## TASK BRIEF
When you reach the line with "8月8日消息,格力發(fā)" in the listing below, transcribe it and each line after it up to and including the line with "MODEL: Sarah Kay", exactly and with nothing else.

## PROVIDED DATA
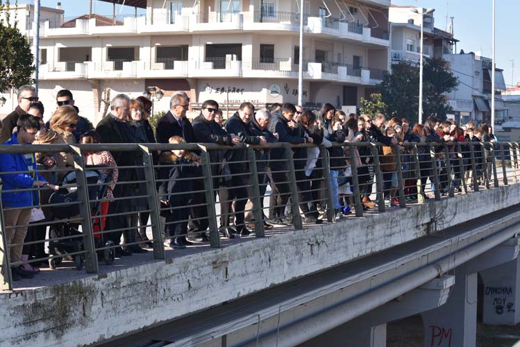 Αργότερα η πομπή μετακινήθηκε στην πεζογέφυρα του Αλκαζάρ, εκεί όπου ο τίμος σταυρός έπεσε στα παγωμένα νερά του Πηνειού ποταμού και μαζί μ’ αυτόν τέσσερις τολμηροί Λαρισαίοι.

==

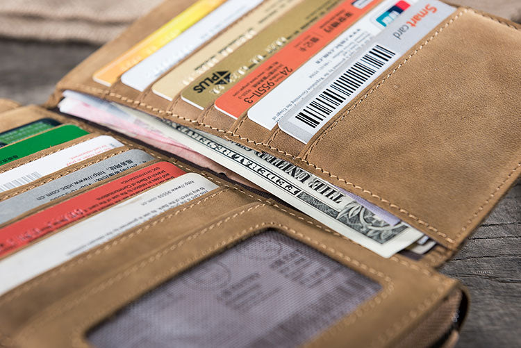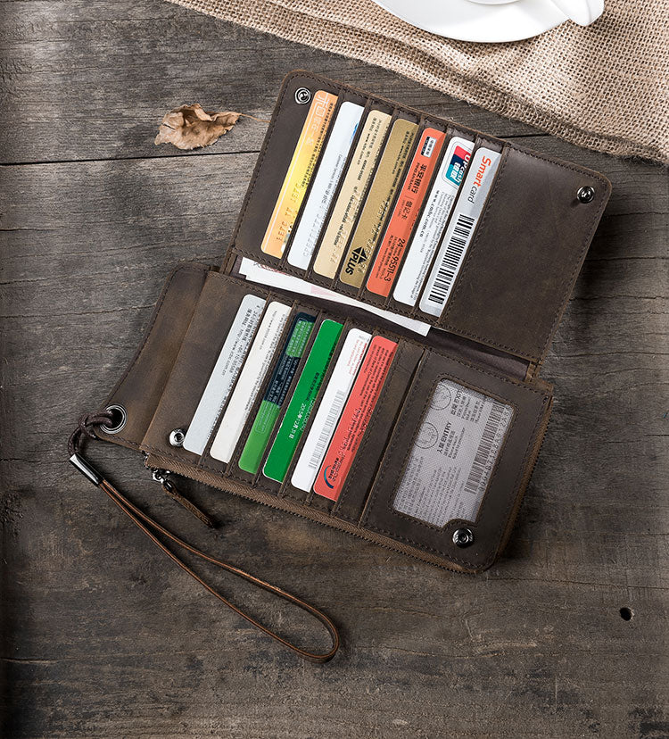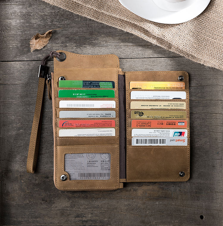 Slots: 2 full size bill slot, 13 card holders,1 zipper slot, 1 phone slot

--

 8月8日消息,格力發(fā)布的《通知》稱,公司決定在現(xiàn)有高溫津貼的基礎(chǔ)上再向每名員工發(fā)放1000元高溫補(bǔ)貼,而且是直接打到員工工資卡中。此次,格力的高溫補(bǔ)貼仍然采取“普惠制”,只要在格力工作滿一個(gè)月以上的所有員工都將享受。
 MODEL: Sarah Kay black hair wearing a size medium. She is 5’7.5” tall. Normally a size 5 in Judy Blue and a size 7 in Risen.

## TASK ANSWER
 8月8日消息,格力發(fā)布的《通知》稱,公司決定在現(xiàn)有高溫津貼的基礎(chǔ)上再向每名員工發(fā)放1000元高溫補(bǔ)貼,而且是直接打到員工工資卡中。此次,格力的高溫補(bǔ)貼仍然采取“普惠制”,只要在格力工作滿一個(gè)月以上的所有員工都將享受。
 MODEL: Sarah Kay black hair wearing a size medium. She is 5’7.5” tall. Normally a size 5 in Judy Blue and a size 7 in Risen.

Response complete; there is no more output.